**Required action**
Without including any pictures, retype exactly the lines from the top of the records through the line containing "- Ewing, Francine", that final line included.

**Supplied material**

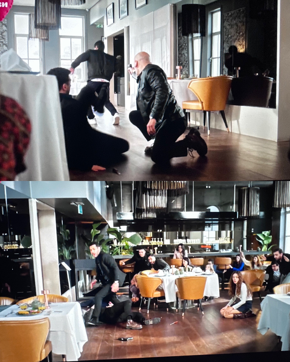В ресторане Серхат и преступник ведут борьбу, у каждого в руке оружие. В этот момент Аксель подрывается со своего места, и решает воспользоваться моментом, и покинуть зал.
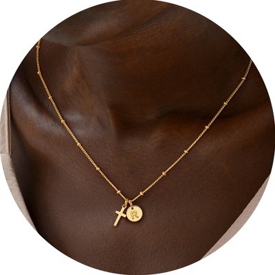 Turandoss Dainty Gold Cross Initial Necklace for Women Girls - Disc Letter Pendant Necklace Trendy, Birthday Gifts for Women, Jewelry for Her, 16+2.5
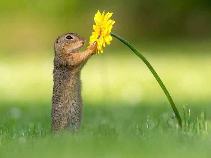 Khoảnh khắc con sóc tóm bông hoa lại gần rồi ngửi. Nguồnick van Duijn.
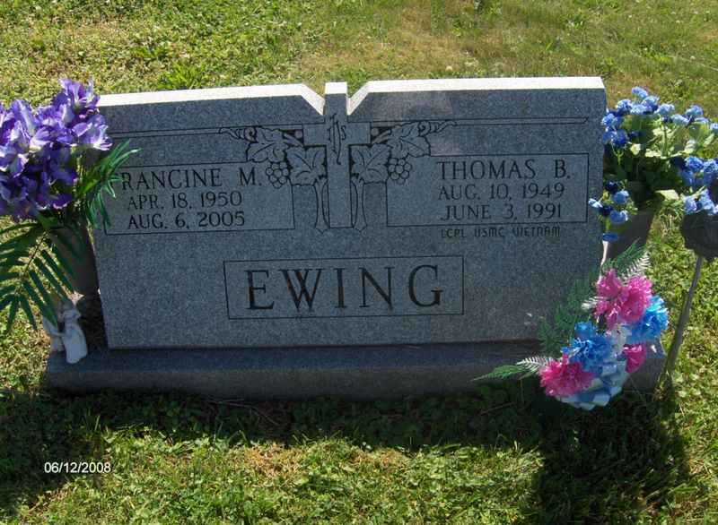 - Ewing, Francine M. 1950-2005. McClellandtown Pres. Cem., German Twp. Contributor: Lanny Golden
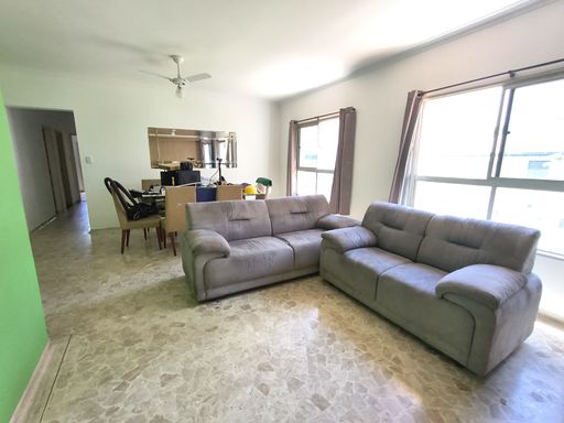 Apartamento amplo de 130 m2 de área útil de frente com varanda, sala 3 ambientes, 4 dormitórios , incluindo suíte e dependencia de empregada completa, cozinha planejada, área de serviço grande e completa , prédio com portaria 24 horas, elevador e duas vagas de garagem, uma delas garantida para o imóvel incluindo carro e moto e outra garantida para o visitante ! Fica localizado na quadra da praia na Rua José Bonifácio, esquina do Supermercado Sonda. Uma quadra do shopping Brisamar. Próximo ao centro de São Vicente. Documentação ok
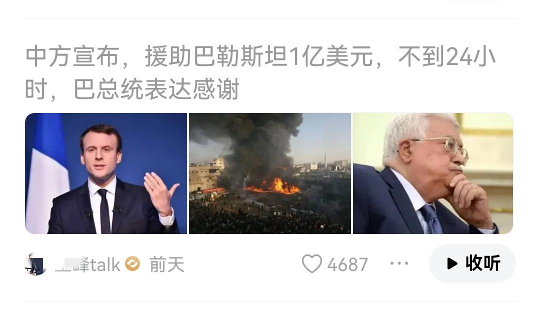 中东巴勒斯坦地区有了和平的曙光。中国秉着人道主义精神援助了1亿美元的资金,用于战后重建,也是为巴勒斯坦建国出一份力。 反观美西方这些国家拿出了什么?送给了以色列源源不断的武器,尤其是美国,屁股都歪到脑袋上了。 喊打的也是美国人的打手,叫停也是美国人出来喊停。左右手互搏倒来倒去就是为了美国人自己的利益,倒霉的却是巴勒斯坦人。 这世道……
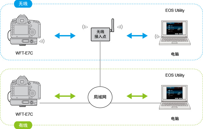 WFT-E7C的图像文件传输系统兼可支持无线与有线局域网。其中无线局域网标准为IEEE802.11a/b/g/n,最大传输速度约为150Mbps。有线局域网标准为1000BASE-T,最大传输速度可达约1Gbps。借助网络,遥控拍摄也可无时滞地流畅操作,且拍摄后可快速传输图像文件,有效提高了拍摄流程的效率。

**Result of the task**
В ресторане Серхат и преступник ведут борьбу, у каждого в руке оружие. В этот момент Аксель подрывается со своего места, и решает воспользоваться моментом, и покинуть зал.
 Turandoss Dainty Gold Cross Initial Necklace for Women Girls - Disc Letter Pendant Necklace Trendy, Birthday Gifts for Women, Jewelry for Her, 16+2.5
 Khoảnh khắc con sóc tóm bông hoa lại gần rồi ngửi. Nguồnick van Duijn.
 - Ewing, Francine M. 1950-2005. McClellandtown Pres. Cem., German Twp. Contributor: Lanny Golden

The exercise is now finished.